SEC Recusals Highlight Revolving Door Dangers
The toll of the revolving door between the government and the securities industry was dramatically illustrated last week when two of the top five officials at the Securities and Exchange Commission (SEC) sat on the sidelines as the agency approved a settlement with JPMorgan Chase & Co.
The Wall Street Journal reported that SEC Chair Mary Jo White and Commissioner Daniel Gallagher recused themselves from voting on the settlement because of legal work they had done for JPMorgan.
The remaining three commissioners voted two-to-one to approve the settlement, which included a rare admission of wrongdoing by JPMorgan.

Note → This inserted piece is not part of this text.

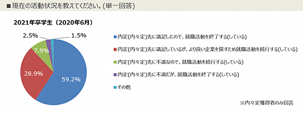 内々定を獲得している学生の就職活動状況では、「内々定先に満足したので、就職活動を終了する」(59.2%)、「内々定先に満足しているが、より良い企業を探すために就職活動を続行する」(28.9%)となっており、約9割の学生が内々定先に満足していることが分かった。

Andrew Ceresney, the agency’s co-director of enforcement, also recused himself, the Journal reported, because he represented JPMorgan when he was White’s colleague at Debevoise & Plimpton, a major law firm.
The Project On Government Oversight has raised concerns about the dangers of the revolving door before, including reports in February and March highlighting White and Gallagher’s potential conflicts. For instance, Gallagher’s former clients include powerhouse financial firms such as Bank of America, Deutsche Bank AG, and GE Capital Corp., according to a financial disclosure statement filed with the Office of Government Ethics.

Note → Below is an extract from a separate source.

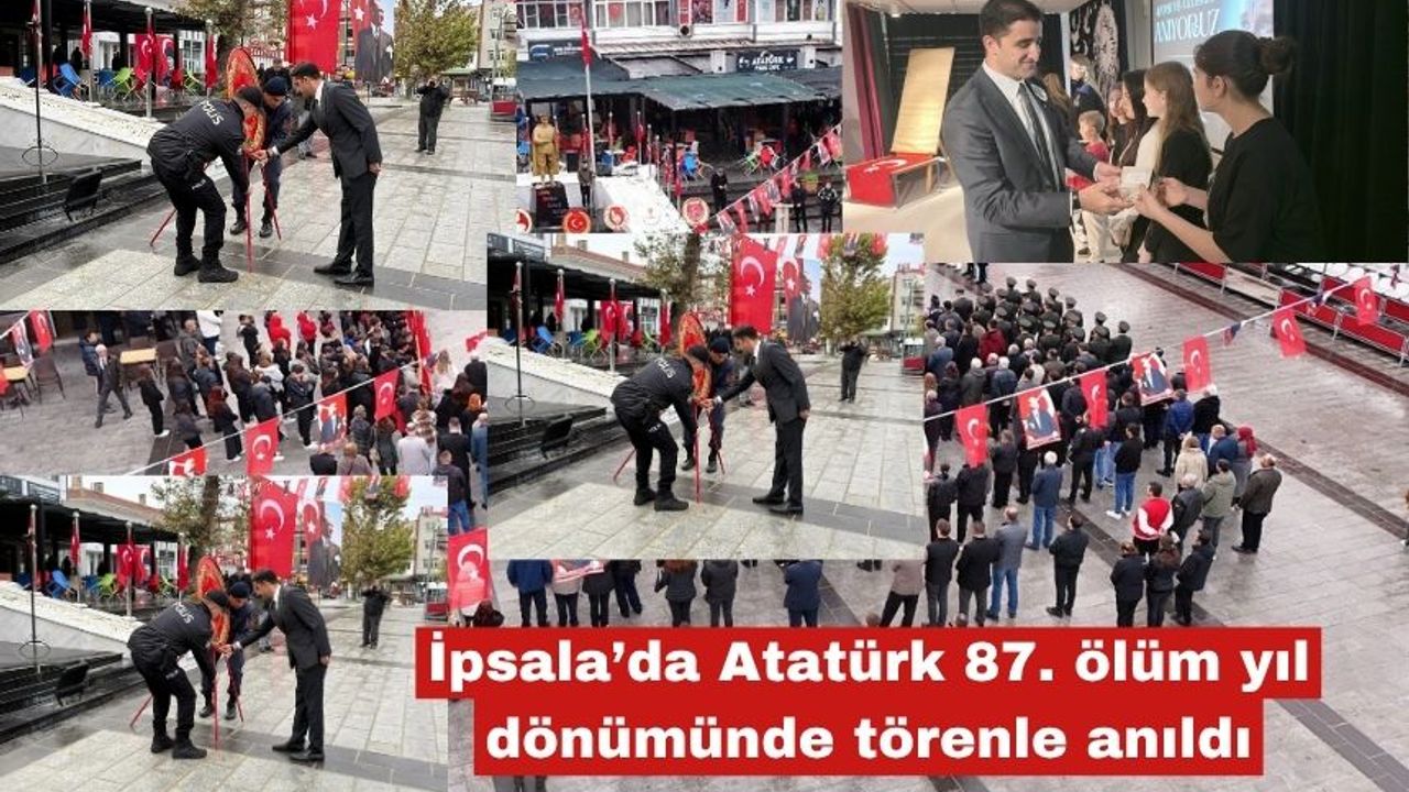 İpsala’da, Gazi Mustafa Kemal Atatürk’ün ebediyete irtihalinin 87. yıl dönümü dolayısıyla Cumhuriyet Meydanı’nda düzenlenen törende çelenk sunuldu, saygı duruşunda bulunuldu ve İstiklal Marşı okundu. Törene ilçe protokolü, öğrenciler ve vatandaşlar katıldı.

When POGO requested ethics records relating to Gallagher—documents that would show how he and the agency manage potential conflicts of interest when confronted with matters affecting his former clients and the like—the SEC provided 10 pages in part and withheld 1,500 pages in their entirety. That left the SEC’s handling of the potential conflicts largely shrouded from public scrutiny.
When asked last year if recusals ever hinder the SEC’s work, an agency spokesman told POGO that the SEC “is blessed with a deep pool of talented experts on just about any issue that comes up, so it really hasn’t been an issue.” But these deep ranks do little when it comes to the SEC’s five, irreplaceable commissioners, who are often barred under federal ethics rules from working on matters affecting their past clients, including some of Wall Street’s most powerful firms. During a recent two-year period, at least one commissioner didn’t vote in 59 of the agency’s 118 closed-door meetings, according to records obtained by The Wall Street Journal.

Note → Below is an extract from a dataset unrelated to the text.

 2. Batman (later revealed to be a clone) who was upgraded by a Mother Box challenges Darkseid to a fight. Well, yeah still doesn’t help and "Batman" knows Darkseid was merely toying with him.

How effective can the SEC be when its commissioners are sitting on the sidelines? On the other hand, if the commissioners and other senior officials are permitted to work on issues affecting their former clients, how can the public be assured that the agency is acting with independence and objectivity? In either case, investors lose.
Even if the SEC cannot fully eliminate conflicts of interest, it should at least inform the public about how it handles those cases. In its February report, POGO called on the SEC and other federal agencies to provide online public access to recusals and other important ethics records.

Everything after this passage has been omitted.